Constituent College of Kadi Sarva Vishwavidyalaya, Gandhinagar 
Kadi Sarva Vishwavidyalaya is a University established vide Gujarat State Government Act 21 of 2007 in May 2007 and approved by UGC (ref f. 9-18/2008(cpp-1) 19 March 2009). The  university has been set up by Sarva Vidyalaya Kelavani Mandal. With the efforts and contribution of  Late Shree Maneklal  M Patel. The university also got success in the amalgamation of all three campuses of Gandhinagar and Kadi with constituent colleges campus of Kadi  Sarva Vishwavidyalaya in March 2012. The founder of Sarva Vidyalaya Kelavani Mandal "Pujya Chhaganbha" and Late visionary Chairman Shree Maneklal M. Patel always believed in providing education to all irrespective of caste, creed and religion, which is carried forward successfully by the university officer bearer today.
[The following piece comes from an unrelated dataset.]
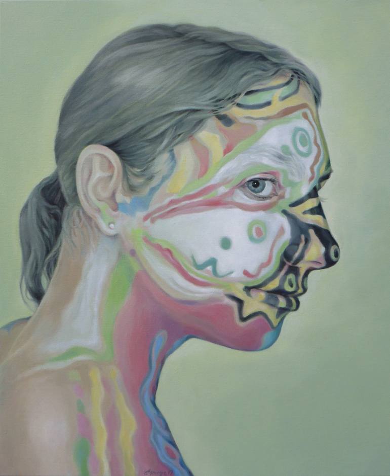 Born in 1957 in Borken/Westfalen, Germany, Marga grew up in a pretty bourgeois family. She made her way against her parents expectations. She finished university with a higher degree in fine arts. She devoured books from Hermann Hesse, idolized Buddhism, lived in grief for a better world and was disappointed by the lack of creativity in the art lessons at school. Drawing for her has always been a way for retreat while gathering energy to manage conflicts. During a period of social service for the community she found entry in art classes at the University of Kassel. Again, disappointment arose from the rigid way of thinking by the professors. "The best teaching I got from my senior mates", Marga reflectes about her early studies. The heart of her work has always been the oil painting. Marga Golz` early work is closely associated to the magic realism. Achieving the final color through multiple coats of paints according to the old masters is a technique she still applies today. Her paintings on the switch of contemporary issues over times cover the periods from renaissance to modern computerized art. Figures of men and women pregnant with meaning and carefully dissected. Taking her subjects into geometric and multi-faced pieces Marga has devoted herself to the cubism. The compositions of her paintings are frequently based upon real objects, dreams or derived from personal experiences or visions. Sensuality and effectiveness are the drivers for creating scenes of human encounter which should translate into a story or fairy tale. During the process of painting the focus on the final work gets constantly challenged and broken by covering colors with different layers of pigment, changing forms and shapes or moving and mixing of borders and structures. This ends up in specific and unique dynamics and rhythm in each piece of work. Every new object is going through a cycle of spontaneity, simultaneity, manifoldness and poetry of life. This is how Marga makes us aware the uniformity and exchangeability of the world around us.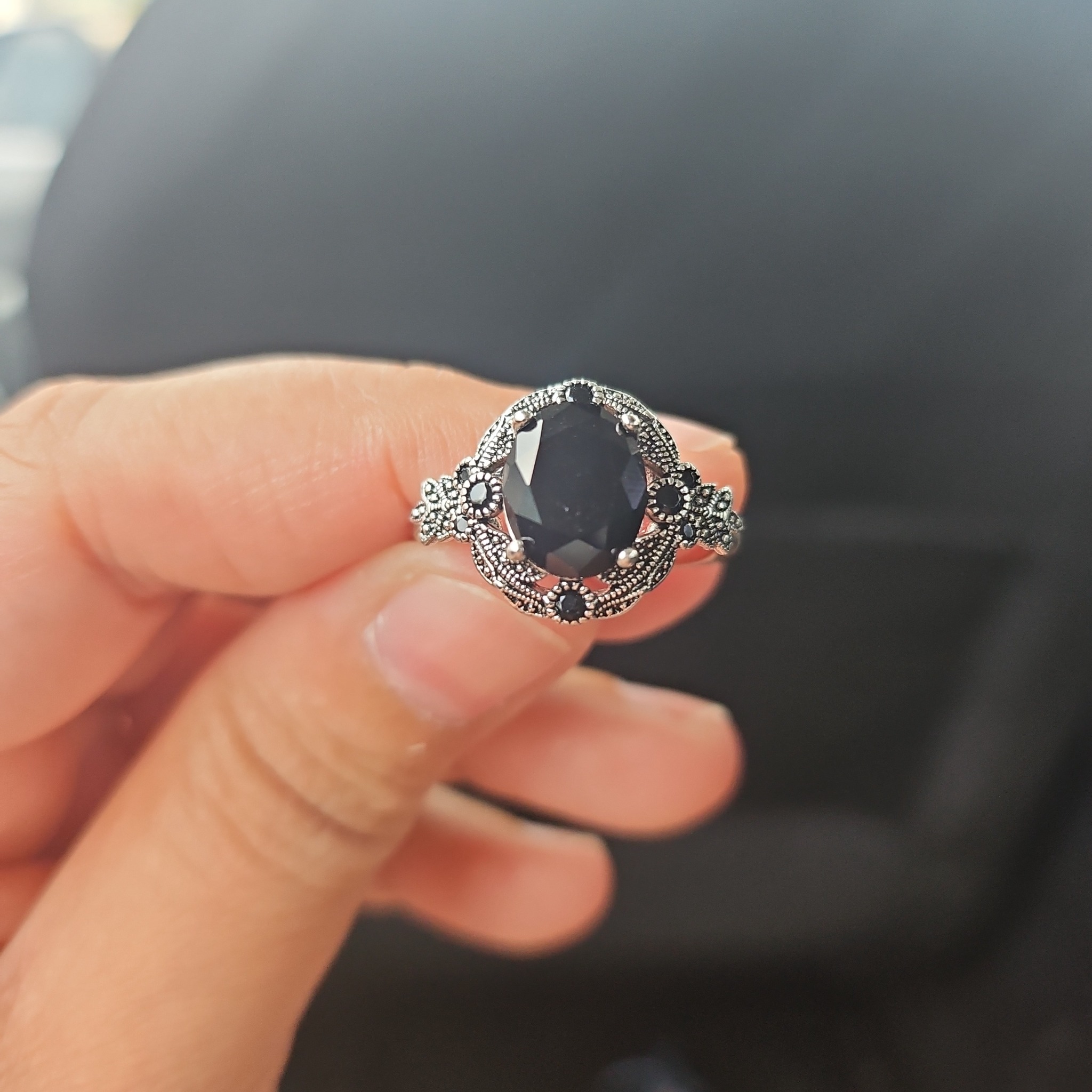 As I was wrapping up, moving through the last few stalls, I stopped at a vendor selling trinkets — rings, pendants, small things arranged carefully on the table. The vendor sat behind her wares in coloured glasses, unhurried, letting people look. And I looked, and found a ring: Victorian-inspired, gothic, black onyx set in silver. I held it and thought, this is not my style. Then I bought it.

Kadi Sarva Vishwavidyalaya offers Post-Graduate courses in 25 different disciplines like MBA, MCA, ME, M. Pharm. M.Sc. (Chemistry, Physics, Mathematics, Nursing, Bio-Technology, IT), M.Ed., M.A., etc., Graduation level courses in 17 different disciplines viz. B.E., B. Pharm., BBA, BCA, B.Sc.(Chemistry, Mathematics, Bio-technology, Nursing, Physics), B. Voc. etc. diploma course in 7 disciplines. Kadi Sarva Vishwavidyalaya has become a pioneer in registering Doctoral students with 17 major disciplines like Management, Engineering, Pharmacy, Computer Science, Biotechnology, Mathematics, Physics, Chemistry, English, Psychology, Physical Education and many more. KSV also offers M.Phil. courses in 5 disciplines ranging from computer science to English Language. KSV also initiated the centers of excellence and rope in Incubation Center for promoting industry centric relevant research, Simulation center for Replicating industry situation and events so students may have hand-on-feel experience and III-C (Industry-Institute-Interaction Cell) for quality Final placement, internship and project placements/

Antarnad 
Antarnad – the voice of soul is a social initiative of S. V. Institute of Management, Kadi. Under this group institute is organizing social activities. In the year 2013–14 following activities have been done:
 Visit of Bharti Ashram, an old age home at Sarkhej, Ahmedabad on 4 August 2013, Friendship day. We have distributed fruits among the elders and tied a friendship belt to them. Afterwards we had words with elders and learned from their experiences. Almost three (3) hrs were spent with them and got golden advices for life.
 Antarnad Group had successfully run awareness campaign among 18,000 students of Sarva Vidyalaya Campus, Kadi. The message of celebrating Uttarayan with responsibility towards other living beings especially innocent and beautiful birds has been spread and well received through severe poster campaigning in the entire campus area.
 SVIM- Antarnad Celebrated Friendship Day on 3 August 2014 With Mentally Challenged School Children at Prakash School, Thaltej, Ahmedabad BY tying Friendship Belts to them, distributing chocolates and food packets and playing games with them.
 "SAVE BIRDS DURING UTTARAYAN" - Antarnad Group appeals its students, alumnus, students from peer institutes in S V Campus KADI and all citizens at large to Save Birds during Uttarayan. SVIM successfully run awareness campaign among 20,000 students of Sarva Vidyalaya Campus, Kadi.